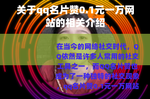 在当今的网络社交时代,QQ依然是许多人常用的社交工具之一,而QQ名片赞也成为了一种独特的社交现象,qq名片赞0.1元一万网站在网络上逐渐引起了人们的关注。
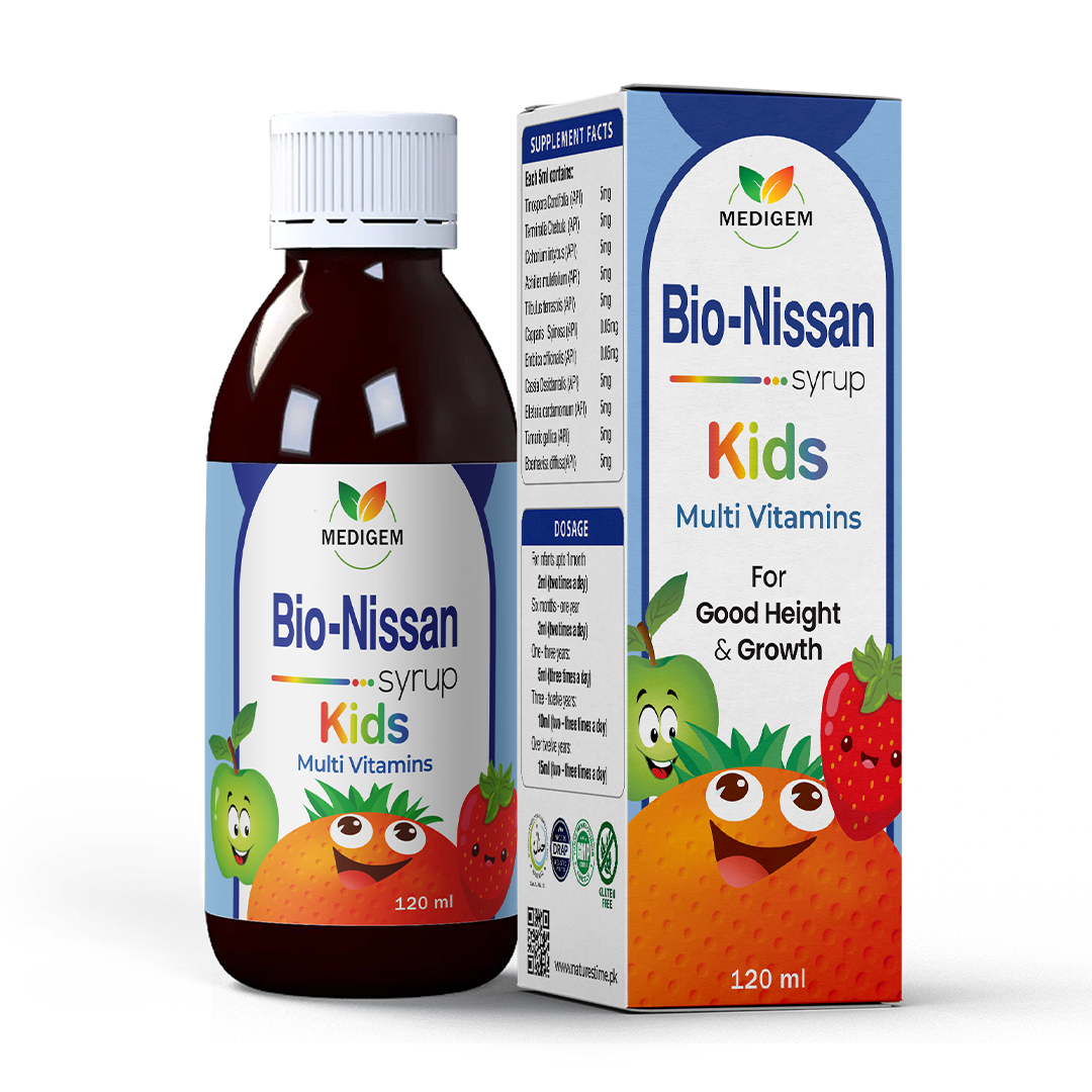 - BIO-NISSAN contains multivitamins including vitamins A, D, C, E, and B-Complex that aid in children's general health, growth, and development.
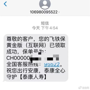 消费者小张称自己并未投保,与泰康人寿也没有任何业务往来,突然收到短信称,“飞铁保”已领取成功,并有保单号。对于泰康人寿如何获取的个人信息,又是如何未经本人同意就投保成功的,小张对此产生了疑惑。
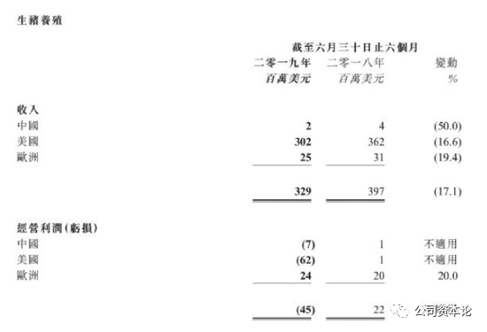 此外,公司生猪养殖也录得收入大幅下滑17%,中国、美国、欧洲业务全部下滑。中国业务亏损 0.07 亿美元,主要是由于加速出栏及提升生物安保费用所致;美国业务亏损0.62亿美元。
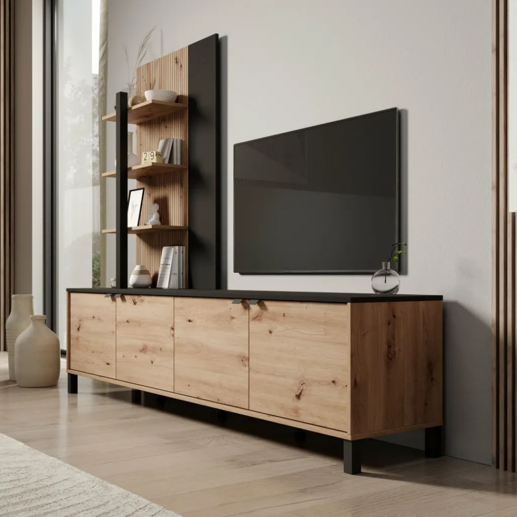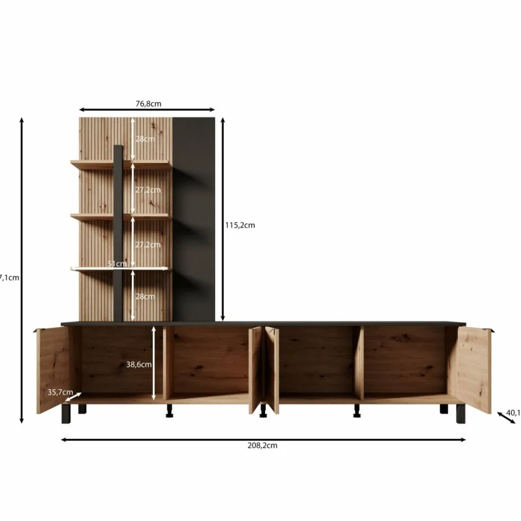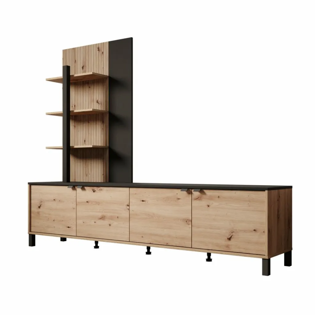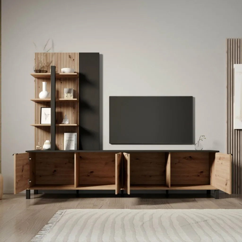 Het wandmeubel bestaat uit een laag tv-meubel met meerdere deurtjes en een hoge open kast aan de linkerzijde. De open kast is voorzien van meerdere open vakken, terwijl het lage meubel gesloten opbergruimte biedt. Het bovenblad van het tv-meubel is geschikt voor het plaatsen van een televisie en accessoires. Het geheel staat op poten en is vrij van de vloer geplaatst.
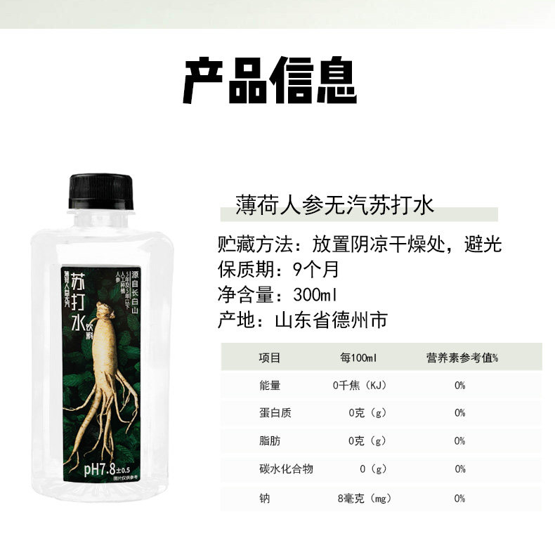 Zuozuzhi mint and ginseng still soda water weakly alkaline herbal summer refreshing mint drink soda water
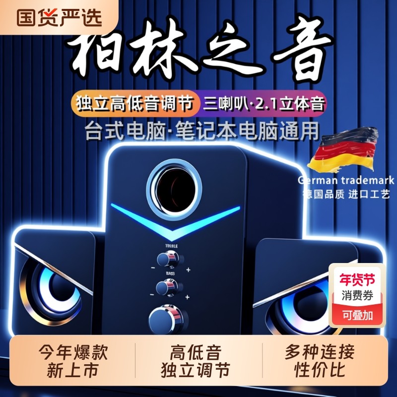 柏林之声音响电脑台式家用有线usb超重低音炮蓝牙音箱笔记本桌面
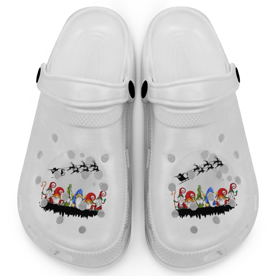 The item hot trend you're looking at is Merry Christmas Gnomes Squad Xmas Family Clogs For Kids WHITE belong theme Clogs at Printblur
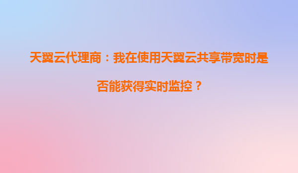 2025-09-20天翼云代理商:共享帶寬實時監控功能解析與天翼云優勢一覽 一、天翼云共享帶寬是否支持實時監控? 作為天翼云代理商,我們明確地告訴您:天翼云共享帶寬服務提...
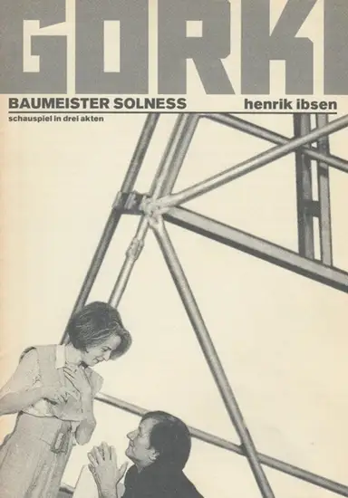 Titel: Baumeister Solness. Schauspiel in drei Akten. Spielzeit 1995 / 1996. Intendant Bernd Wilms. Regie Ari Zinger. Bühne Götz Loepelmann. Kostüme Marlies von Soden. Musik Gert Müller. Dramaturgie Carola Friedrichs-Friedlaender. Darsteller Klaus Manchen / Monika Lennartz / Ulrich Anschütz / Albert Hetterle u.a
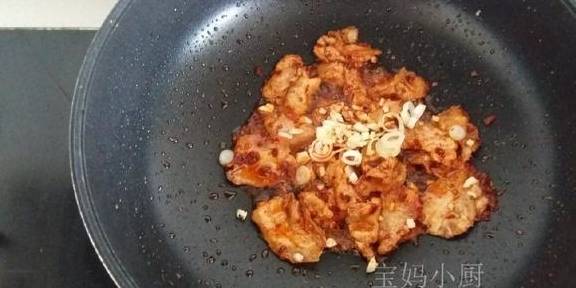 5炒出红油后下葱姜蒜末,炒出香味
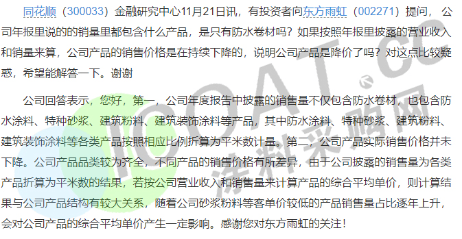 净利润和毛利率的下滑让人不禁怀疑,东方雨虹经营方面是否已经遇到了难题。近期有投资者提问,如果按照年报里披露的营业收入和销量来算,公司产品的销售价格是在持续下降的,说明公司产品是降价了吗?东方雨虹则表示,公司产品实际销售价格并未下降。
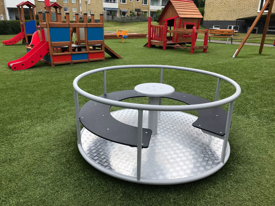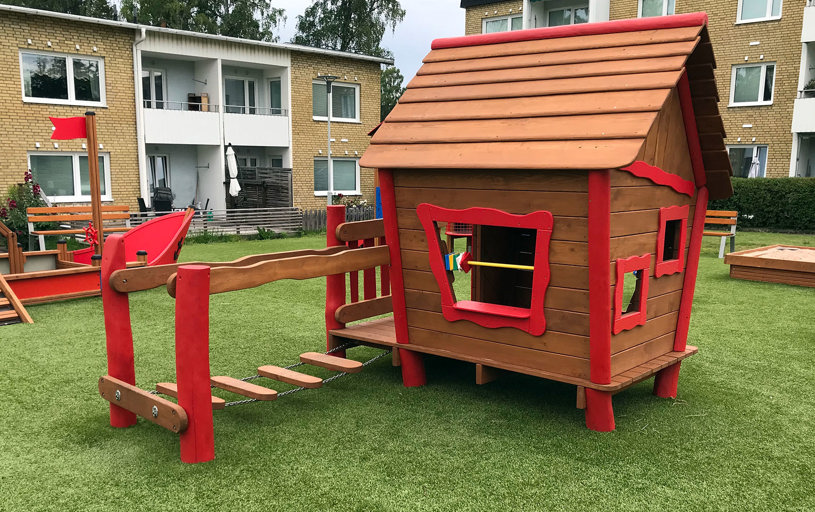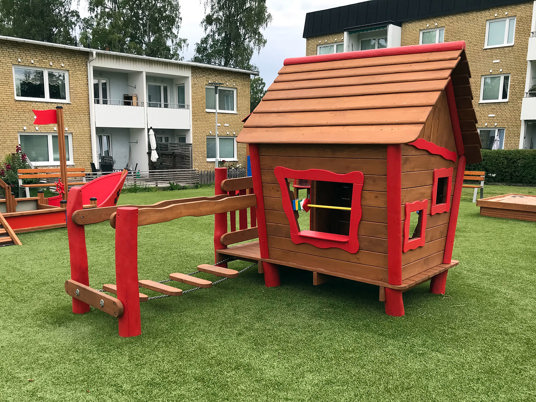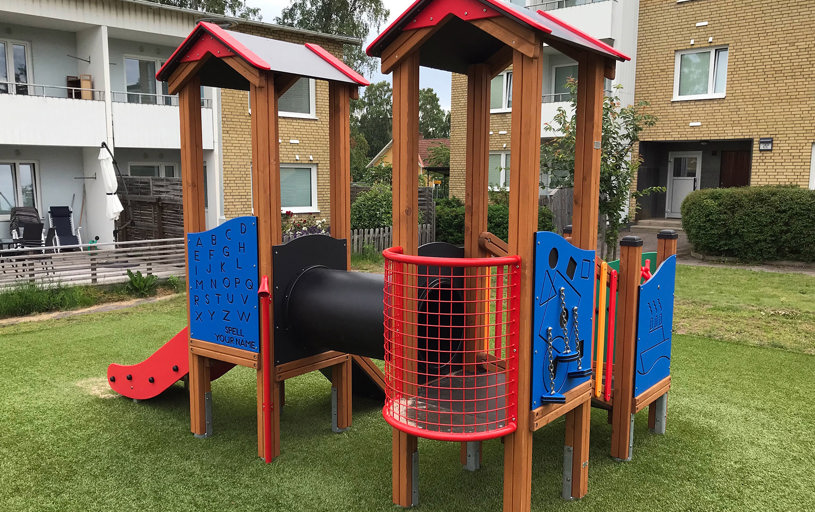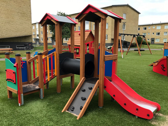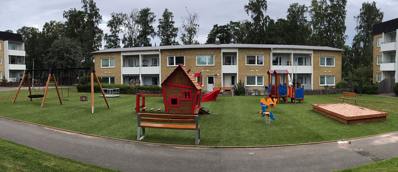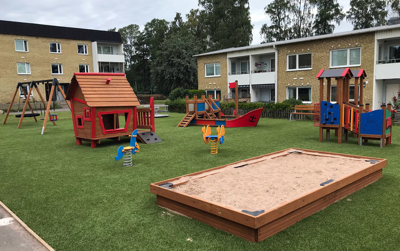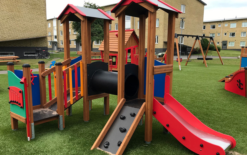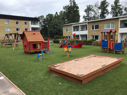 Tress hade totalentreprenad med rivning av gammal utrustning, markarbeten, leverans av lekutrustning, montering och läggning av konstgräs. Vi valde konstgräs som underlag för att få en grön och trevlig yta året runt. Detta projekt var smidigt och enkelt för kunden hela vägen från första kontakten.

DIRECTIONS FOR THIS TASK ▸ What you return must match the lines above from the one with "5炒出红油后下葱姜蒜末,炒出香味" through the one with "净利润和毛利率的下滑让人不禁" exactly, with both ends included and the pictures excluded.

WRITTEN SOLUTION ▸
 5炒出红油后下葱姜蒜末,炒出香味
 净利润和毛利率的下滑让人不禁怀疑,东方雨虹经营方面是否已经遇到了难题。近期有投资者提问,如果按照年报里披露的营业收入和销量来算,公司产品的销售价格是在持续下降的,说明公司产品是降价了吗?东方雨虹则表示,公司产品实际销售价格并未下降。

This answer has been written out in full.